The aforementioned and other features of the invention can be understood through the description of the specification and the figures below.
Hereinafter, embodiments of the invention are described with reference to the figures. In the following description, the vertical direction and the front-rear direction refer to the directions shown in the figures. This embodiment illustrates an impact tool as an embodiment of the electric tool.

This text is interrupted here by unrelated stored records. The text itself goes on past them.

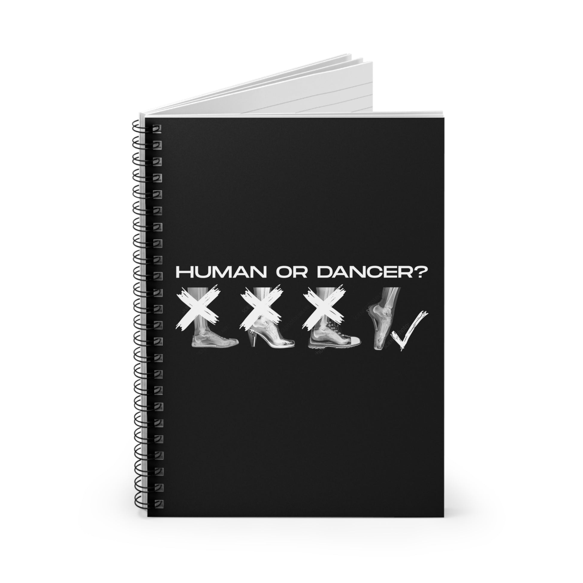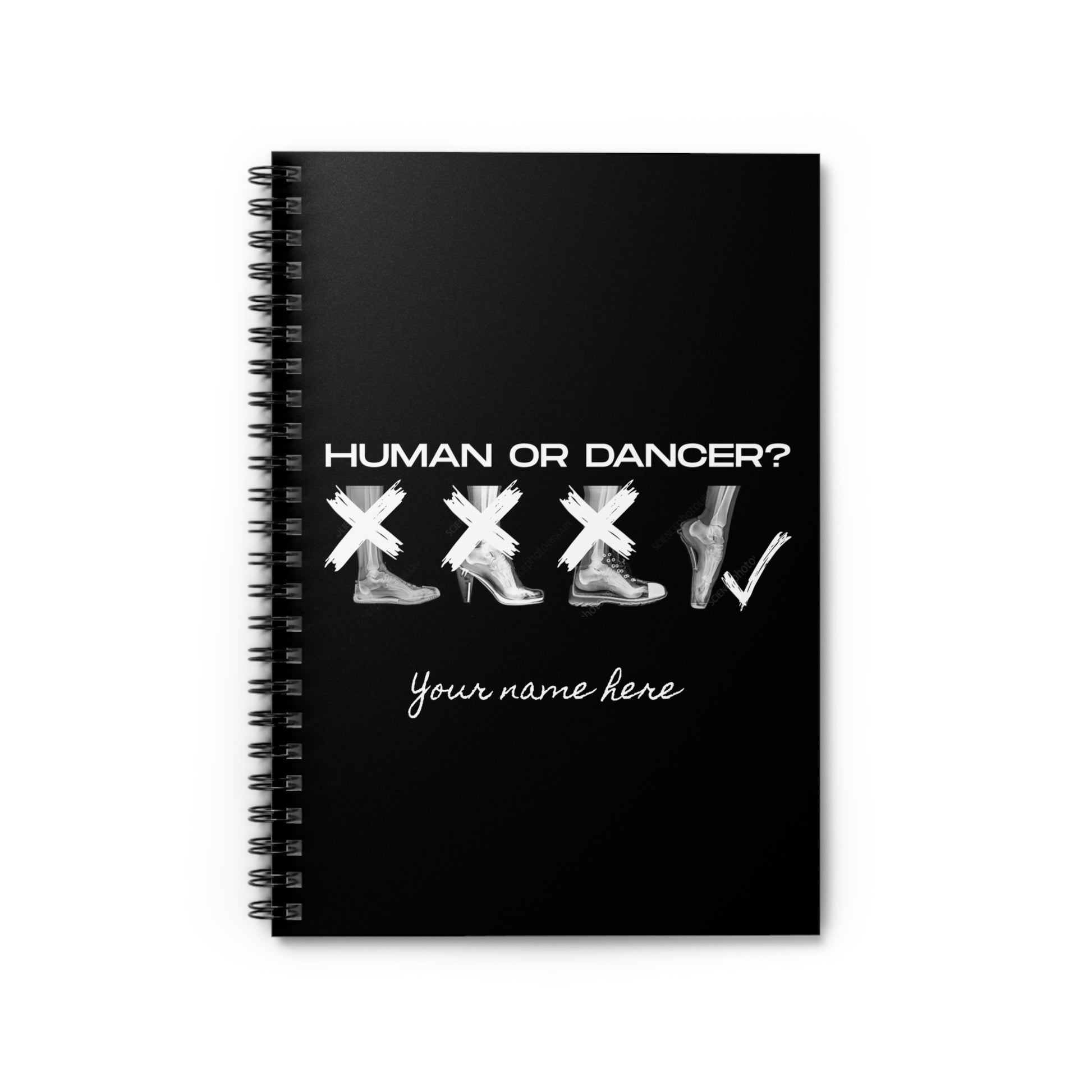 “Human or Dancer” Spiral Notebook with Cute X-Ray Ballet Feet Graphic – Personalized Dance Notebook with Custom Name or Studio Option
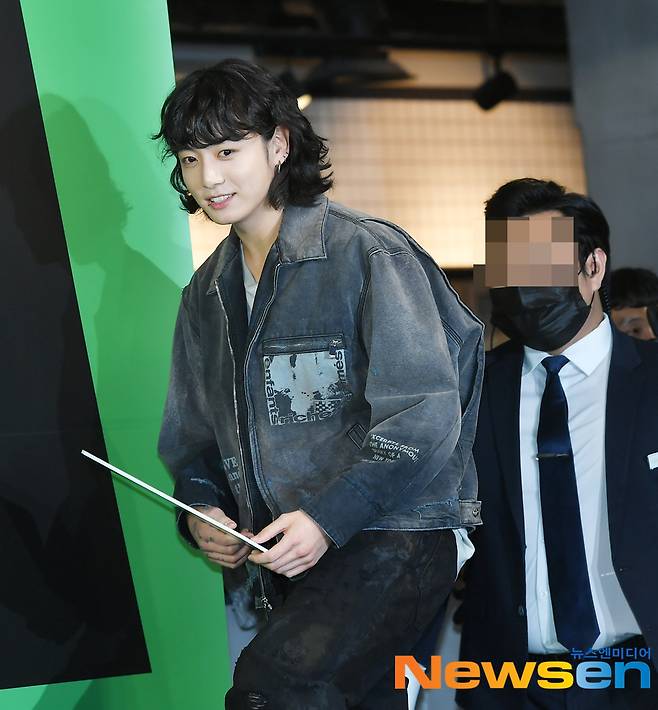 정국은 빈티지 느낌의 데님 재킷과 청바지로 스타일리쉬한 패션을 선보였다. 또 정국은 입술과 귀에 실버색 피어싱을 해 개성 넘치면서 힙하고 트렌디한 매력을 유감 없이 뽐냈다. 특히 정국은 앞머리를 모두 내리고, 귀여운 '뽀글 머리' 단발 펌을 하고 나타나 현장을 들썩이게 만들었다.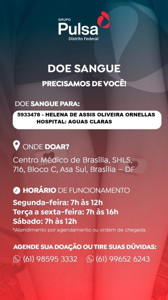 Local para doação: Centro Medico de Brasília, SHLS, 716, Bloco C, Asa Sul, Brasília- DF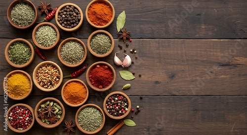 an assortment of vibrant spices and herbs artfully arranged in small bowls or on a rustic wooden surface, showcasing their colors and textures. amily meal, dinner, savory, pasta, casserole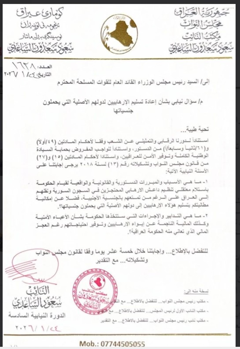 بالوثيقة.. رئيس كتلة حقوق سعود الساعدي يطالب بتسليم الإرهابيين الأجانب من السجون السورية الى دولهم الأصلية بدلاً من العراق

The brushless DC (direct current) type motor 4 is housed in a cylindrical body part 2a of the body housing 2 that has a substantially T shape in a side view. A rotation shaft 4c of the motor 4 is disposed such that an axis A1 thereof extends in a longitudinal direction of the body part 2a. A rotor 4a is for forming a magnetic path that is formed by a permanent magnet and includes a laminated core, e.g., a thin metal plate, and a cylindrical permanent magnet is disposed on the outer peripheral side of the laminated core. A stator core 4b is formed by a laminated core and has a plurality of pole pieces that protrude radially inward, and a coil of predetermined turns is wound on each of the pole pieces. Y connection can be adopted for connecting the coil, for example. On the rear side of the motor 4 in the axial direction and behind the stator core 4b, an inverter circuit board 5 is disposed for driving the motor 4. The inverter circuit board 5 is a substantially annular double-sided substrate, wherein a plurality of switching elements 15, e.g., field effect transistor (FET), are mounted on the rear side of the substrate and a plurality of rotational position detecting elements 16, e.g., Hall IC, are mounted on the front side at predetermined intervals at positions opposite to the permanent magnet of the rotor 4a. A cooling fan 13 is disposed on the rotation shaft 4c on the front side of the motor 4 to rotate in synchronization with the motor 4. External air is sucked through air inlets 17 and 18 on the rear of the body housing 2 by rotation of the cooling fan 13 to cool the motor 4 or the switching elements 15 and then discharged outside through an air outlet (not shown) formed around the cooling fan 13.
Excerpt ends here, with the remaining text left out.